Colonial buildings in Medan include those that were constructed there during the colonial period of Dutch East Indies, now Indonesia. Following the establishment of the Deli Company in 1869, the city was transformed rapidly from a small kampong (village) of a few hundred people in 1869 into the largest city in Sumatra. When the Sultan of Deli moved his residence there in 1891, Medan became the capital of North Sumatra. Subsequent rapid development ushered in a western-centric architectural style used in a number of colonial buildings built in Medan. These buildings range from houses, offices, hotels, stores, houses of worship, hospitals, and schools. Despite its relatively late modernization compared to older established cities like Jakarta and Makassar, Medan has an abundant colonial architectural heritage. 42 buildings have been declared of significant historical value.

Urban planning

The urban center of Medan is divided into three areas: the colonial district, the Chinese district, and the sprawling native settlements. The colonial district is the core of the city and contains the most important government buildings and infrastructure. The shopping street in Kesawan, the military area between the Deli and the Babura Rivers, the affluent tropical garden city of Polonia, the central market, churches, hospitals, schools, factories, train station, and the airport are all in the colonial district. The Chinese district is a dense area on the eastern side of the Deli River, and intersects with the Colonial area in Kesawan. The sprawling Muslim native settlement is located around the Istana Maimun (1888), Istana Lama (late 19th-century, now demolished) and the Great Mosque (1907) at the southern end of the city next to the Kesawan business district and the Chinese area. The Dutch redesigned the main buildings in this largely Muslim area in an Orientalistic-Imperialist architectural style, an expression of the dominance of the colony's cultural and political control.

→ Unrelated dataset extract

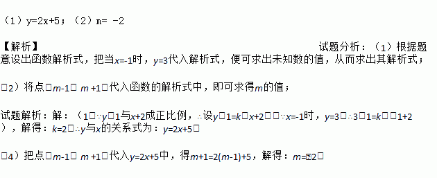 (1)y=2x+5;(2)m= -2 【解析】试题分析:(1)根据题意设出函数解析式,把当x=-1时,y=3代入解析式,便可求出未知数的值,从而求出其解析式; (2)将点(m-1, m +1)代入函数的解析式中,即可求得m的值; 试题解析:【解析】 (1)∵y-1与x+2成正比例,∴设y-1=k(x+2),∵x=-1时,y=3,∴3-1=k(-1+2),解得:k=2,∴y与x的...

The development of Medan was closely linked to the city development on Penang Island, not just through its trading activities but also by its urban design and architecture. Wealthy residents of Medan and the colonial government hired British planners and British and Dutch architects from the Straits Settlements to be involved in the city planning and construction. The open plaza in the middle of colonial Medan was referred to as the "Esplanade", similar to the one in George Town. Shophouse (commercial/residential) building construction and facades mimic those found in the Straits Settlements. In Kesawan, the architectural style was a fusion of Dutch-British Tropical style. Unfortunately, many of these shophouses have been demolished.

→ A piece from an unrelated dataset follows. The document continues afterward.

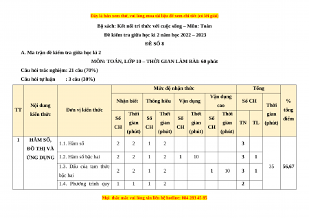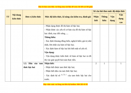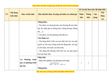 - Các câu hỏi ở cấp độ vận dụng và vận dụng cao là các câu hỏi tự luận.

In colonial Medan, junctions were designed as nodes, where the corner buildings were planned to have a unique facade or architectural elements facing the junction. These included towers, a rounded or oblique construction, or a set-back, giving each building a unique identity resulting in different urban nodes. One example of a surviving corner building is the AVROS building (now the BKS-PPS building) and the Medan warenhuis (department store) (now the mostly abandoned Angkatan Muda Pembaharuan Indonesia building). This urban design is similar to that in other Dutch colonial modern cities in the Indies e.g. Bandung, Semarang, and Malang.

List of buildings
Below is a list of colonial buildings found in Medan. The list is divided into the colonial architectural styles: Eclecticism (before 20th century), Dutch Rationalism and Traditionalism (1900s–1920s), and Modernism (1920s–1930s). The list is sorted alphabetically according to its official (local) name. The list can also be sorted by category.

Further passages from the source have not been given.